Now you can deploy and test your template on a Pod:

<Steps>
  <Step title="Navigate to Pods page">
    Go to the [Pods page](https://console.runpod.io/pods) in the Runpod console and click **Deploy**.
  </Step>

  <Step title="Configure your Pod">
    Configure your Pod with these settings:

    * **GPU**: The Distilbert model used in this tutorial is very small, so you can **select any available GPU**. If you're using a different model, you'll need to [select a GPU](/pods/choose-a-pod) that matches its requirements.
    * **Pod Template**: Click **Change Template**. You should see your custom template ("my-custom-template") in the list. Click it to select it.

    Leave all other settings on their defaults and click **Deploy On-Demand**.

    Your Pod will start with all your pre-installed dependencies and models. The first deployment may take a few minutes as Runpod downloads your image.
  </Step>

  <Step title="Connect and test">
    Once your Pod is running, click on your Pod to open the connection options panel.

    Try one or more connection options:

    * **Web Terminal**: Click **Enable Web Terminal** and then **Open Web Terminal** to access it.
    * **JupyterLab**: It may take a few minutes for JupyterLab to start.
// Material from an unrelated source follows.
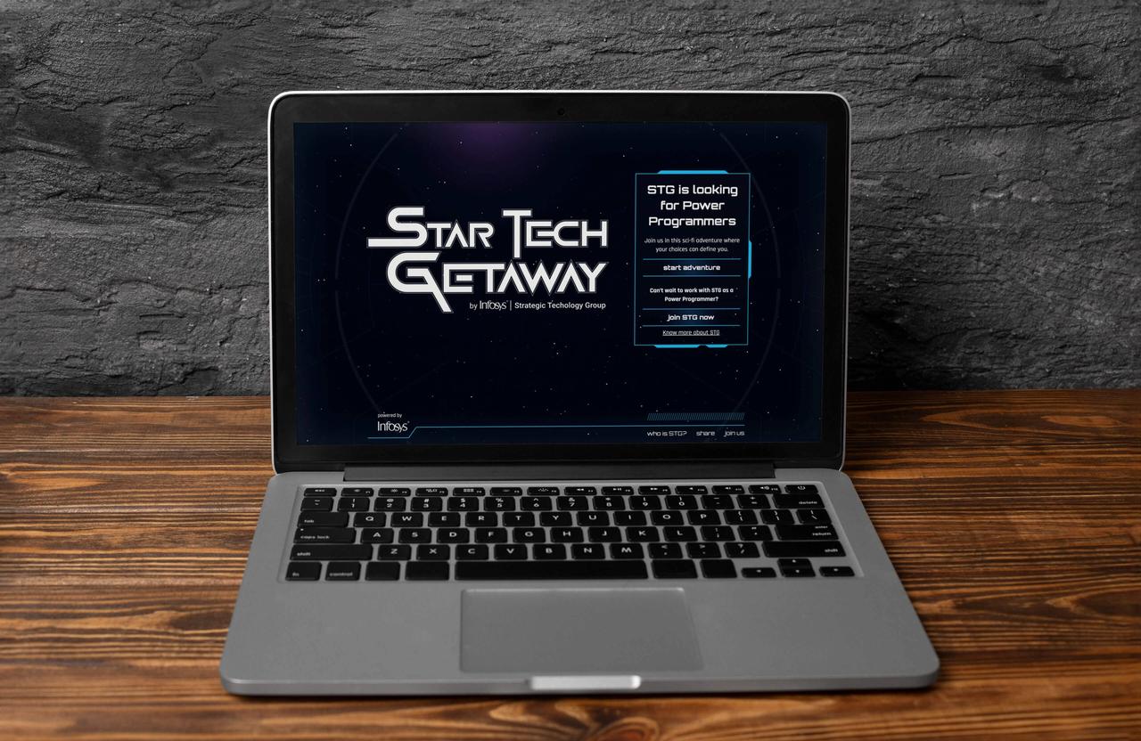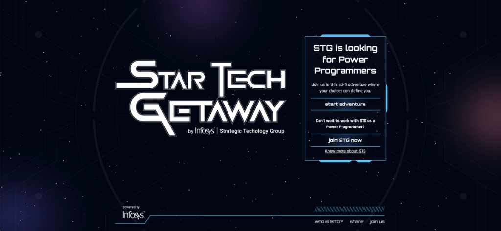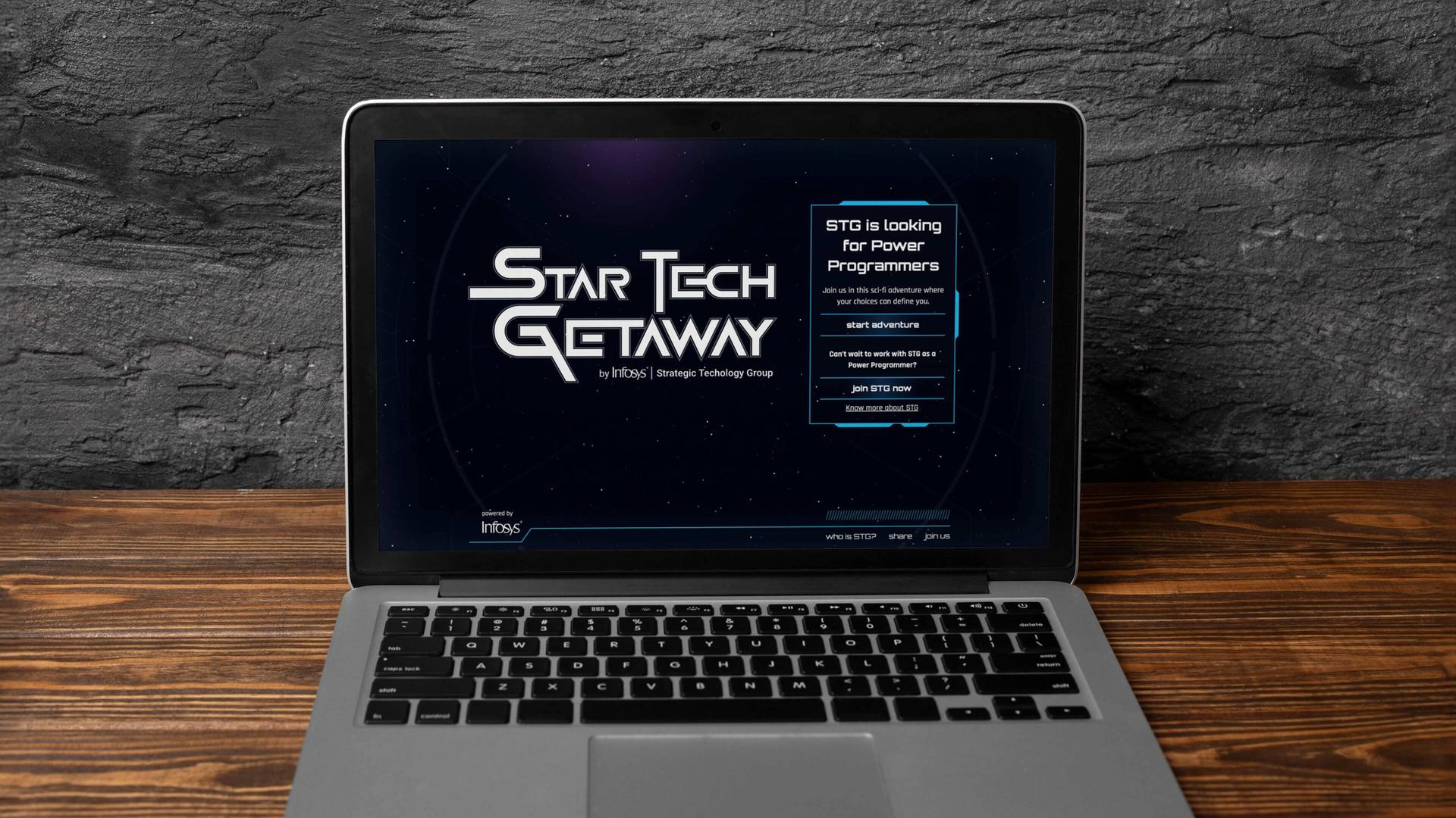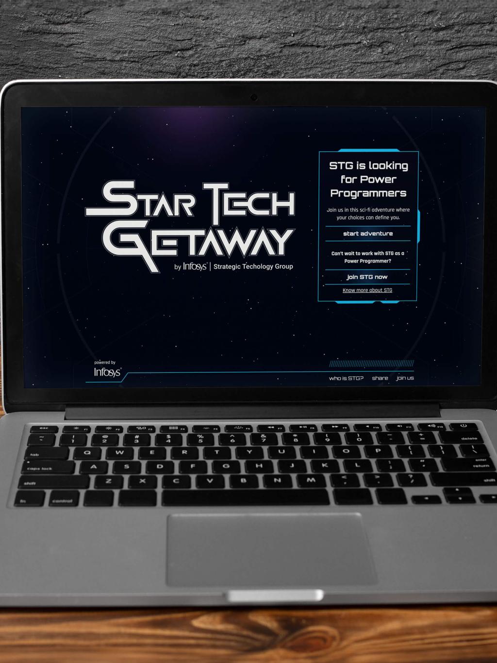 Infosys wanted a creative way to recruit top programmers for their team STG (Strategist Technology Group), and since we had already built a very successful creative quiz for them for internal usage (the Super Dev Quiz in our portfolio), we thought to expand on the idea and this time do a "interactive story" quiz instead, with right and wrong choices to increase the engagement.

Once it's labeled as **Ready**, click the **JupyterLab** link to access it.
    * **SSH**: Copy the SSH command and run it in your local terminal to access it. (See [Connect to a Pod with SSH](/pods/configuration/use-ssh) for details on how to use SSH.)
  </Step>

  <Step title="Test the application">
    After you've connected, try running the sample application (or any custom code you added):

    ```bash theme={"theme":{"light":"github-light","dark":"github-dark"}}
    python main.py
    ```

    You should see output from the application in your terminal, including the model loading and inference results.
  </Step>

  <Step title="Clean up">
    To avoid incurring unnecessary charges, make sure to stop and then terminate your Pod when you're finished. (See [Manage Pods](/pods/manage-pods) for detailed instructions.)
  </Step>
</Steps>

## Next steps

<Check>
  Congratulations! You've built a custom Pod template and deployed it to Runpod.
</Check>

You can use this as a jumping off point to build your own custom templates with your own applications, dependencies, and models.

For example, you can try:

* Adding more dependencies and models to your template.
* Creating different template versions for different use cases.
* Automating builds using GitHub Actions or other CI/CD tools.
* Using [Runpod secrets](/pods/templates/secrets) to manage sensitive information.

For more information on working with templates, see the [Manage Pod templates](/pods/templates/manage-templates) guide.

For more advanced template management, you can use the [Runpod REST API](/api-reference/templates/POST/templates) to programmatically create and update templates.